After he’d roused her from unconsciousness, Alex was too fragile to walk. Thorn phoned Sugar in the parking garage, filled him in, and Sugar came sprinting. Thorn helped her into her gray slacks and pink sweater, and with Sugarman running interference, the two of them smuggled her down an inner stairwell without a brush with security or staff.

“So we got names for four of the five?” Sugarman said.

“The man sitting next to Lansky is Edward Runyon. Some kind of soldier of fortune or something.”

“Edward Runyon? You’re kidding.”

“Not a night for kidding.”

“Christ, Edward Runyon is a world-class scumbag.”

“I heard,” Thorn said. “Some illegal war thing.”

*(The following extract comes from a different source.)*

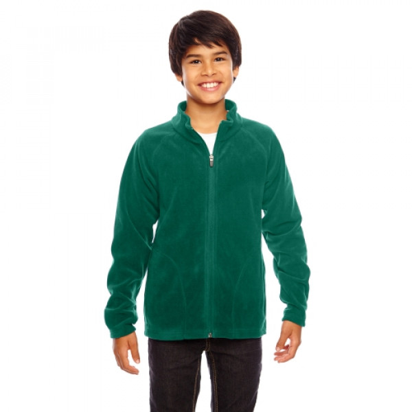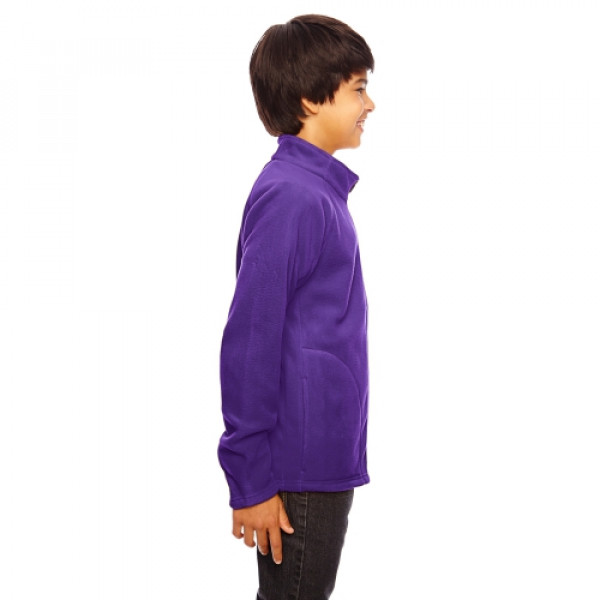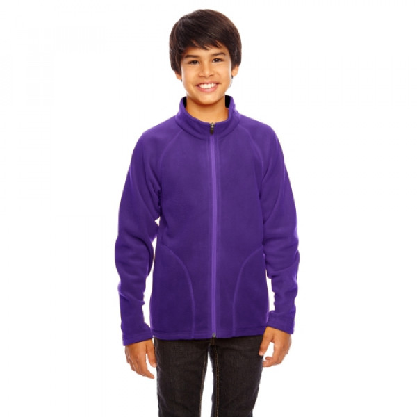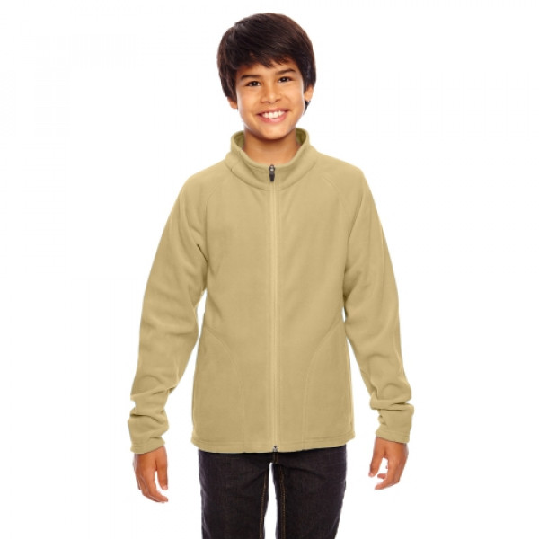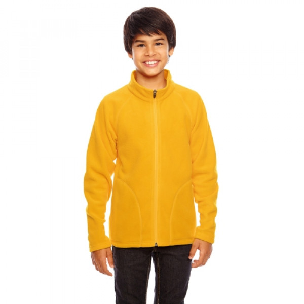 Fabric:::5.9 oz., 100% polyester microfleece with anti-pill finishFeatures:::center front reverse coil zipper with semi-autolock rubber pull tab::triple-needle coverstitch at raglan sleeve and front pockets::inseam front side pockets::self-fabric gusset at cuffs::double-needle stitch at bottom hem

“Way more than that. Bay of Pigs, that arms-for-hostages thing, Watergate, you name it. All kinds of down-and-dirty bullshit our boys in Washington tried to pull off, Runyon’s hovering around. One of those self-styled patriots, gun for hire, super-hawk. Few years back he had a dumb-ass TV show. Big talker. Bullying his guests. He’s the guy who’s missing his first two fingers. That’s his trademark.”

“What’s that mean?”

“End of his show every night, he used to say the same thing. ‘Don’t forget, peace comes with a price tag, and that price isn’t always pretty.’ Then he’d flash the two stumps, and say, ‘Peace.’ Real sweetheart.”

Thorn nodded, looking at the closed door of the bedroom.

“Guy’s certifiable,” Sugar said. “But there’s people who worship him.”

Thorn reached out, slid the Xeroxes over, and paged through them for a few minutes. He found the passage he recalled, reread it quickly.

“What if we can put Runyon at Morales’s house?”

“How?”

“Snake whacked off two fingers of one of the attackers. Fingers were left behind on the floor in one of the kids’ bedroom. Appeared to be first two digits of the right hand of a man who weighed somewhere around two hundred pounds.”

“That’s good. But it doesn’t exactly nail it down.”

“It does for me,” Thorn said.

“Jesus, your boy Snake is a charmer. Hacks one guy to death, chops two fingers off some hulk.”

“And he was only twelve years old at the time.”

“This is the guy you’re luring over to have a powwow with?”

“Snake and I have a strong common interest. I can give him four of the five people in this photograph. Two of the four were at his house that night. And he just might be able to give me an overview of what we got going on.”

“You killed his brother, for christsakes. He’s going to sit down with you and make nice?”

“I intend to give him that opportunity.”